I maintained, somewhat more pungently, that someone who only offers assertions and insults is being rhetorically empty. I didn't say that someone who was (British, pro-Bush, fill in the blank) was thereby incorrect. Only the latter case is one of ad hominem.
Oh dear God, here we go again with the same old pacifist whinge. You offered only assertions. I have challenged you, repeatedly, to provide evidence that Musharaff is a greater threat than Hussein. You have not done so. I have put forward facts - that Iraq has chemical and biological weapons, Iraq has invaded its neighbours and so on. These are facts.
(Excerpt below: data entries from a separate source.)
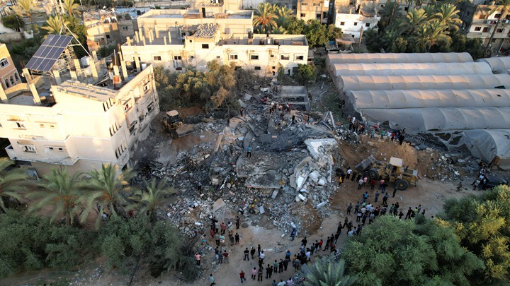 以色列10月8日向加沙地带展开猛烈空袭,加沙市一栋民宅被炸毁,救援人员和居民尝试展开救援。(法新社)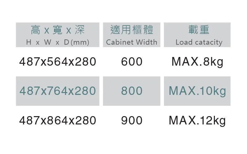 安裝實內櫃體深度至280mm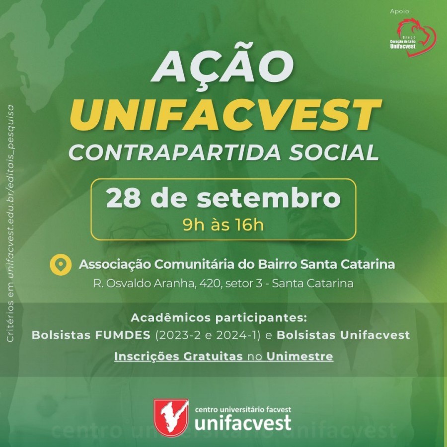A Unifacvest com o apoio do Grupo Coração de Leão e da Associação de Moradores do Bairro Santa Catarina (AMBSC) realizará a Ação Unifacvest - Contrapartida Social no sábado, dia 28 de setembro, das 9h às 16h, no Bairro Santa Catarina, em Lages. O ponto de encontro será na Rua Osvaldo Aranha. 420 - setor 3.

You counter by saying my facts are assertions and your assertions are facts. And you wonder why you are regarded with thinly veiled contempt?
Insisting on reasonable dialogue doesn't mean that one suffers fools until the end of time. When you slam your buddy Ivan about abandoning substance ("Thank you, Tariq Aziz" qualifies, methinks), I might acknowledge that you're being even-handed. Not until then.
Awww, did I hurt your little feelings? Wait until hell freezes over for an apology.
Ivan
Precisely and admittedly by those who did it. They wish to eliminate us because we are free; they wish the world to be ruled by Islam and by Shaia. It is exactly an attack on freedom. Have you not read their own words and stated purposes?
You think they attacked us because of oil? How silly.
Those pesky details!
More precisely, they wish to conquer and subjugate us, and then impose Islamic law on us. They violently disagree with the notion of separating church and state, and despise us for having a secular government.
Strange, I don't recall Iraq ever attacking us. All I recall is us attacking them. Tell me where they attacked, Oregon?....Maine?....Florida?
It's called a "metaphor"...you should try it some time!
How in the world do you figure this? It's 2002, not 1962.
The question is, of course, how can we justify a "regime change" for Iraq in 2002 and not have justified a change for Cuba in 1962 (or today, for that matter - surely you don't think that Castro has not accumulated nasty weapons specifically for use against the US??).
The answer is that we've become a different people - and a morally inferior people.